> [Given data]:
*** Block opens ***

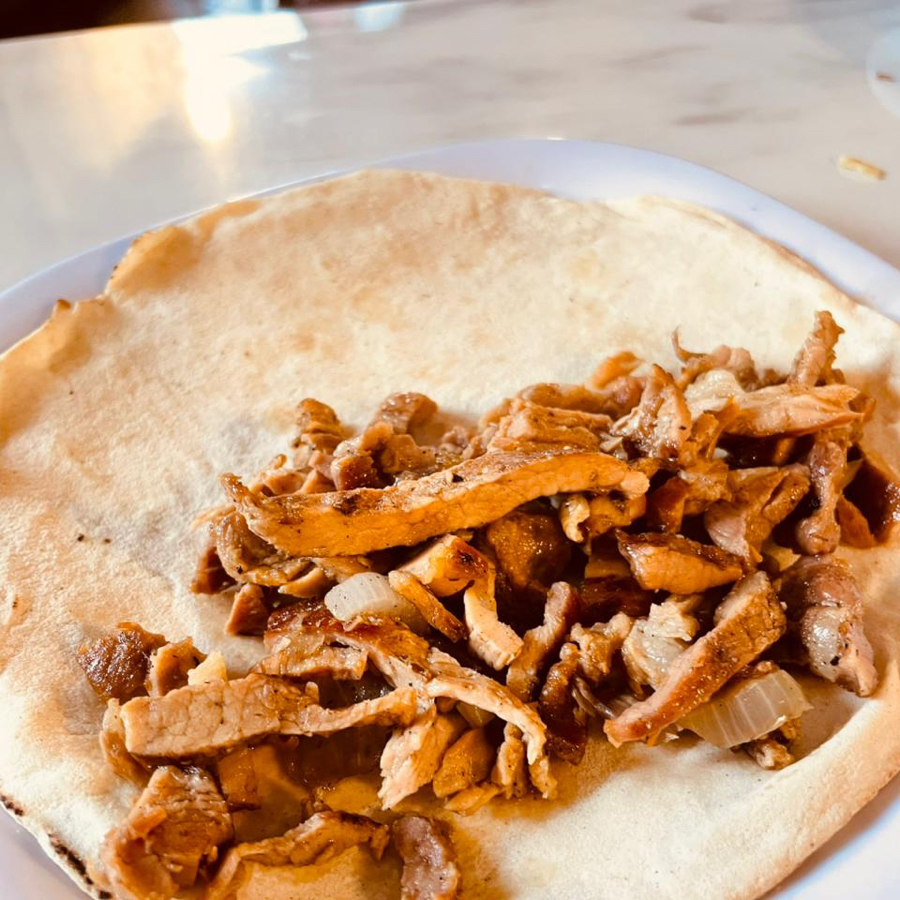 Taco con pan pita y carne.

*** Block closes ***
*** Block opens ***

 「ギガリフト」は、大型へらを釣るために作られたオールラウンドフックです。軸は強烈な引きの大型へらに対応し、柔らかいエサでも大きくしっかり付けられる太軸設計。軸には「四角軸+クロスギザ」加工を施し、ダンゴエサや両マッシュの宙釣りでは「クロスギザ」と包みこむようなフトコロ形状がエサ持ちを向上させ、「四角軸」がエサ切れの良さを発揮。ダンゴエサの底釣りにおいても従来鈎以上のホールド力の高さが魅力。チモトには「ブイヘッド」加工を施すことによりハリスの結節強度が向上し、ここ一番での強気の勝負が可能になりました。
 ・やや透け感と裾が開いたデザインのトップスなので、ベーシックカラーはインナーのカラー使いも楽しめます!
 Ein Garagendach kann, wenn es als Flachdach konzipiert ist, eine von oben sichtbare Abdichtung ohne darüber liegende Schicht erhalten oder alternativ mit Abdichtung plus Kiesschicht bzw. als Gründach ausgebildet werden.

*** Block closes ***
*** Block opens ***

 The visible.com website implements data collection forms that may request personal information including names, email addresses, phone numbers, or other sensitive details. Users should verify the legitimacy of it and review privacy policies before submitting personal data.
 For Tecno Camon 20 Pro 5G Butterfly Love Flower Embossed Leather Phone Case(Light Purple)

*** Block closes ***

> [Work required]:
Within the listing above, give again exactly every line from the line with "The visible.com website" through the line with "For Tecno Camon", both included, and no other line.

> [Answer to this exercise]:
 The visible.com website implements data collection forms that may request personal information including names, email addresses, phone numbers, or other sensitive details. Users should verify the legitimacy of it and review privacy policies before submitting personal data.
 For Tecno Camon 20 Pro 5G Butterfly Love Flower Embossed Leather Phone Case(Light Purple)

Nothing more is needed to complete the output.